O Brasil não precisa disso, e nem temos condição de fazer tanto, mas é importante o país criar um programa de apoio aos setores econômicos que estão sofrendo; oferecer um auxílio emergencial que dê conta minimamente das despesas das famílias; e criar um plano de vacinação mais arrojado. Se tivéssemos isso, certamente teríamos um desenho bem mais favorável à retomada da economia.

Era esperado esse tipo de conduta do governo federal?

Achei que o governo federal tivesse um pouco mais de clareza do processo que nós estamos vivendo. No início da pandemia, nenhum de nós tinha muita certeza do que estávamos enfrentando, mas, depois, isso ficou claro. Em 2020, a Europa nos avisou da gravidade do problema e nos mostrou que a Covid não era uma contaminação em massa transitória. Depois, ainda vieram a segunda onda e as mutações do coronavírus, que são infinitamente pior.

Quando a cepa de Manaus se manifestou, o governo federal deveria ter liberado recursos para os municípios e estados produzirem leitos. O Brasil hoje vive as consequências de uma omissão governamental.

As vigilâncias sanitária e epidemiológica nacionais funcionam, o governo está sendo municiado de informações cotidianas. Isso só me leva a crer que o governo se omitiu. Vivemos a maior tragédia humanitária da nossa história, e há um genocídio de uma nação em curso, causado por omissão governamental. O presidente não gosta que fale essa palavra, mas essa é a minha opinião.
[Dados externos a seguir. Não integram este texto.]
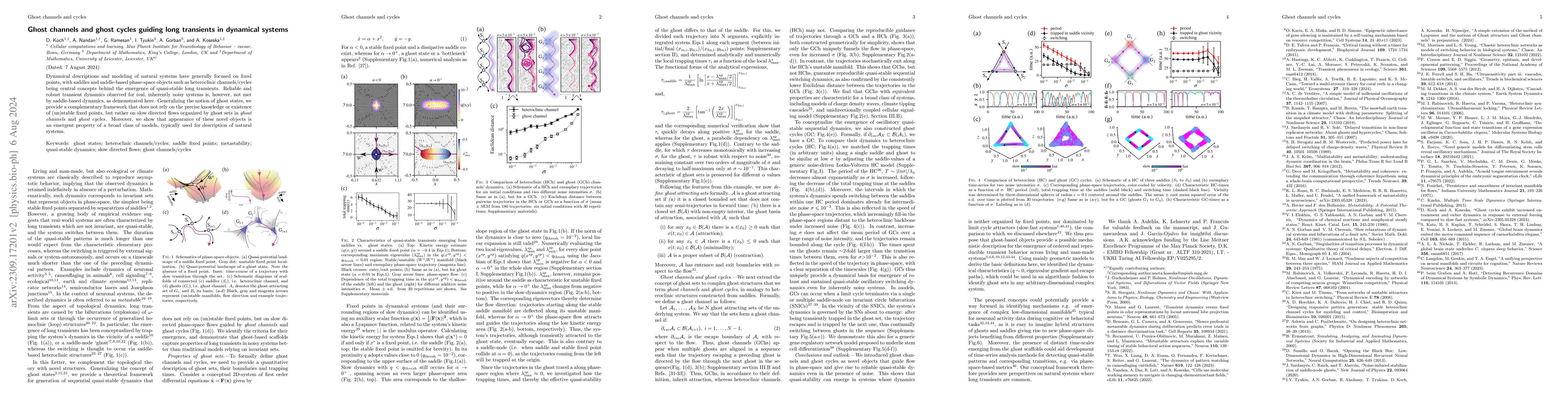 This paper proposes a new framework for understanding quasi-stable dynamics in natural systems beyond traditional fixed points, introducing "ghost channels" and "ghost cycles" that arise from slow flows on ghost manifolds, offering a more robust explanation for observed transient dynamics in noisy systems.
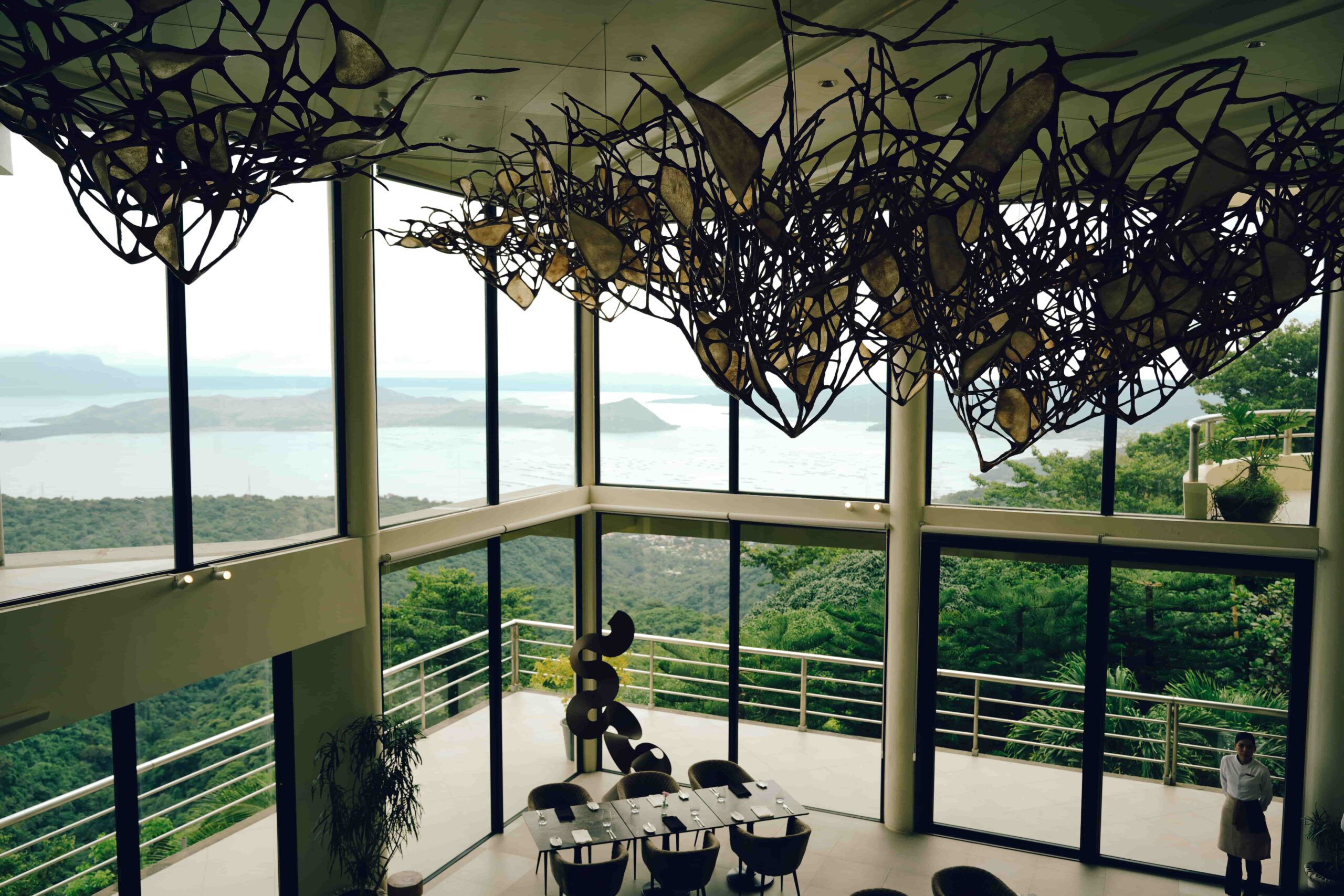 Inside Sinta Restaurant, guests are surrounded by contemporary art and a sweeping view of Taal Lake/Photography by Kim Santos of KLIQ, Inc.

Uma medida mais rígida, como foi adotada em Araraquara, deveria ser adotada em outras regiões do país? Como o senhor vê a resistência que há em fazer um lockdown?

O Brasil deveria organizar um lockdown nacional, mesmo que seja por um prazo mais restrito, mas que dê tempo para romper o ciclo do vírus. A lógica do lockdown é interromper um ciclo de transmissão do vírus. Se você provoca um fechamento total por 10 ou sete dias, dá tempo de o paciente assintomático manifestar a doença, de uma equipe de bloqueio colocar essa pessoa em quarentena e de testar quem teve contato com esse cidadão. Só assim se cria uma interrupção da contaminação.

Se fizéssemos isso nacionalmente, o Brasil teria queda nas internações e nas mortes, conseguindo, assim, organizar leitos, o sistema de testagem, e poderíamos começar o planejamento da retomada da economia.

Se provocarmos uma interrupção do contágio, ganhamos tempo inclusive para organizar um outro plano de vacinação mais célere. Com o que está em vigor, arrastamos a pandemia por um longo período. E sem interrupção da contaminação, nós teremos, infelizmente, o aumento das mortes.

O senhor foi ameaçado de morte recentemente por causa do lockdown. Como se sentiu?

Não vou me intimidar com nenhum tipo de ameaça, estou bem tranquilo, mas me preocupo como isso terá impacto na minha família. Não estou sendo ameaçado por setores da economia, quem solta essas mensagens é um grupo organizado, como temos no país inteiro, que estimula ódio, intolerância, violência e agressividade.

Só não deixei esse fato passar porque não podemos ser coniventes, especialmente eu que ocupo um cargo público. Por isso, registrei boletim de ocorrência, quero que as autoridades policiais realizem as investigações necessárias, o Ministério Público se posicione e, se for o caso, o Judiciário faça cumprir a lei.

Vou continuar defendendo a ciência e as pesquisas que ajudam no enfrentamento à pandemia.